● TASK ITEM:
The copy must hold exactly the lines from the one with "ALMA Mini Dress - chocolate cotton" through the end of the listing below, and nothing else, with no pictures.

[[ SOURCE MATERIAL, beginning ]]

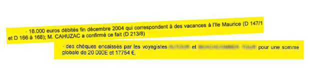 Non seulement la vieille dame ignorait que son compte était ainsi alimenté, mais sa carte et son chéquier servaient à financer les dépenses de la famille, notamment les vacances, comme en témoigne les «paiements encaissés» par deux voyagistes.
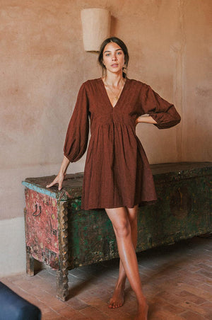 ALMA Mini Dress - chocolate cotton
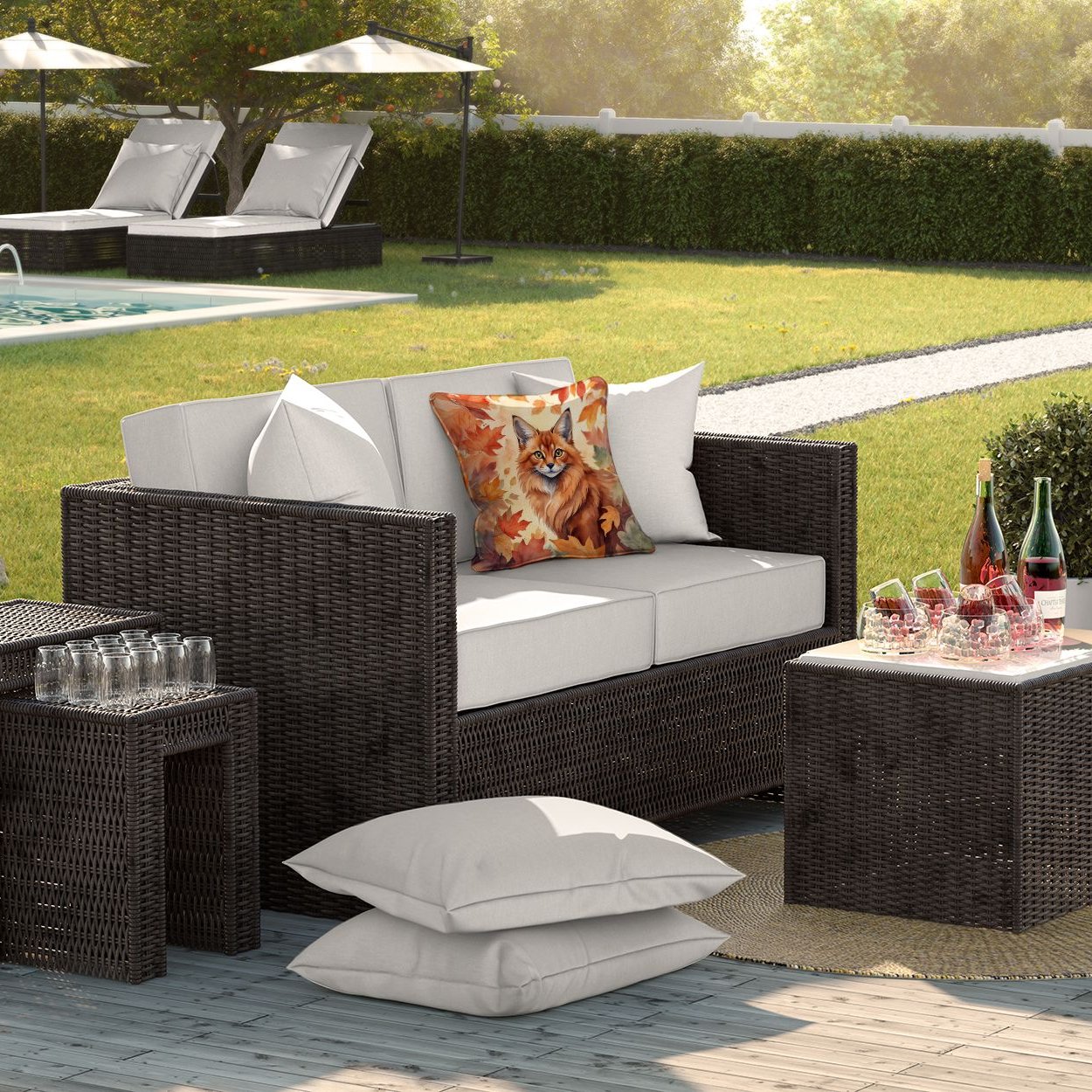 Edge Collections - 18" x 18" - Multicolor - Somali Cat Fall Leaves Throw Pillow - 1 Piece
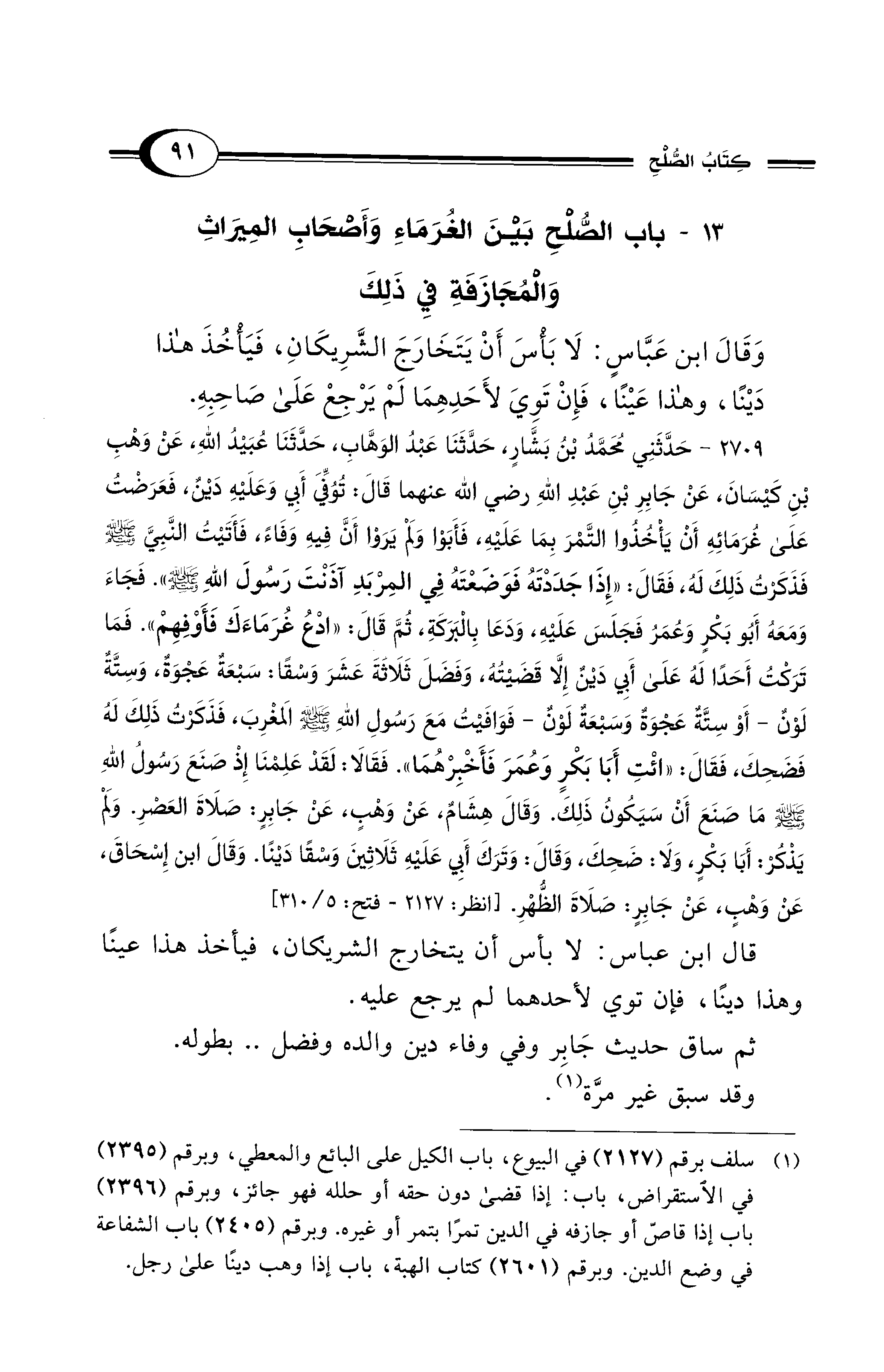 (¬1) سلف برقم (2127) في البيوع، باب الكيل على البائع والمعطي، وبرقم (2395) في الاستقراض، باب: إذا قضى دون حقه أو حلله فهو جائز، وبرقم (2396) باب إذا قاصّ أو جازفه في الدين تمرًا بتمر أو غيره. وبرقم (2405) باب الشفاعة في وضع الدين. وبرقم (2601) كتاب الهبة، باب إذا وهب دينًا على رجل.

[[ SOURCE MATERIAL, end ]]

● TASK SOLUTION:
 ALMA Mini Dress - chocolate cotton
 Edge Collections - 18" x 18" - Multicolor - Somali Cat Fall Leaves Throw Pillow - 1 Piece
 (¬1) سلف برقم (2127) في البيوع، باب الكيل على البائع والمعطي، وبرقم (2395) في الاستقراض، باب: إذا قضى دون حقه أو حلله فهو جائز، وبرقم (2396) باب إذا قاصّ أو جازفه في الدين تمرًا بتمر أو غيره. وبرقم (2405) باب الشفاعة في وضع الدين. وبرقم (2601) كتاب الهبة، باب إذا وهب دينًا على رجل.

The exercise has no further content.